══ GIVEN MATERIAL

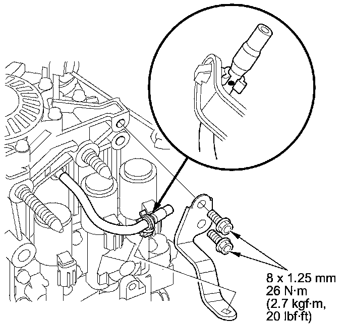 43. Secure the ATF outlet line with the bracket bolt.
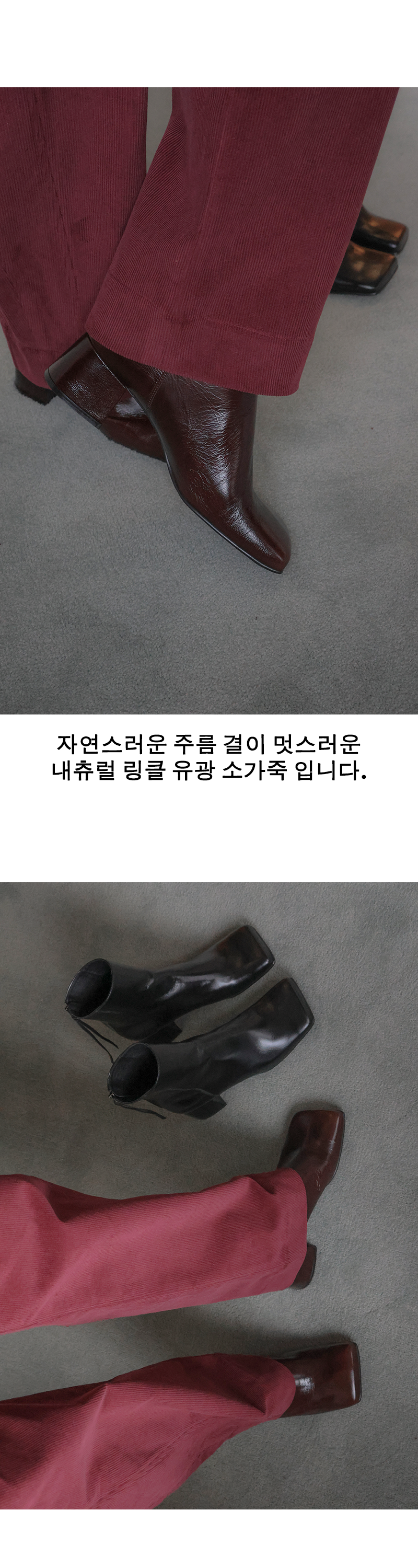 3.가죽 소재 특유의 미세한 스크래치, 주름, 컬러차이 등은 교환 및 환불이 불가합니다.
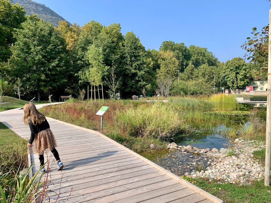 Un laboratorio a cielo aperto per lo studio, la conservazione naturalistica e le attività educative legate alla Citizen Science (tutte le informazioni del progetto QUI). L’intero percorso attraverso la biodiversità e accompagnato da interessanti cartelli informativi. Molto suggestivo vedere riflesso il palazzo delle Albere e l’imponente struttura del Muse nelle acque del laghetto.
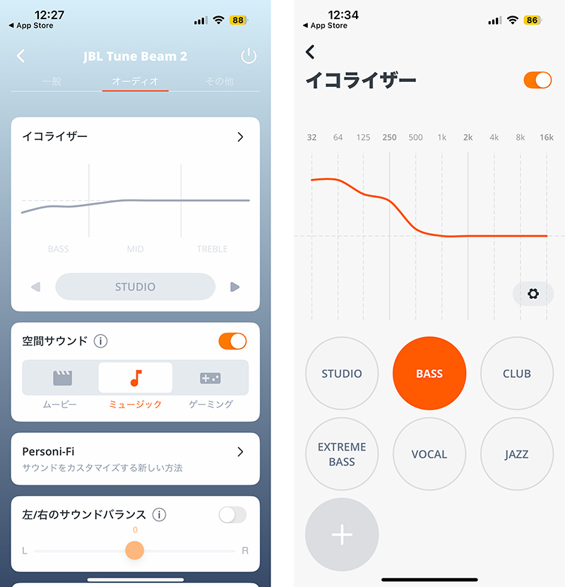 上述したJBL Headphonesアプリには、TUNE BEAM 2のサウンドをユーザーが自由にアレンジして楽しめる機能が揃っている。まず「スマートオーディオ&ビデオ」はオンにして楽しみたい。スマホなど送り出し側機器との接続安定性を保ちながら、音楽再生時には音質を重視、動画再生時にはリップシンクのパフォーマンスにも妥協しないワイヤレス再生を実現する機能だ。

════

REQUIREMENT ▸ The answer should be the complete listing, set down exactly, without pictures.

RESULT FOR THIS TASK ▸
 43. Secure the ATF outlet line with the bracket bolt.
 3.가죽 소재 특유의 미세한 스크래치, 주름, 컬러차이 등은 교환 및 환불이 불가합니다.
 Un laboratorio a cielo aperto per lo studio, la conservazione naturalistica e le attività educative legate alla Citizen Science (tutte le informazioni del progetto QUI). L’intero percorso attraverso la biodiversità e accompagnato da interessanti cartelli informativi. Molto suggestivo vedere riflesso il palazzo delle Albere e l’imponente struttura del Muse nelle acque del laghetto.
 上述したJBL Headphonesアプリには、TUNE BEAM 2のサウンドをユーザーが自由にアレンジして楽しめる機能が揃っている。まず「スマートオーディオ&ビデオ」はオンにして楽しみたい。スマホなど送り出し側機器との接続安定性を保ちながら、音楽再生時には音質を重視、動画再生時にはリップシンクのパフォーマンスにも妥協しないワイヤレス再生を実現する機能だ。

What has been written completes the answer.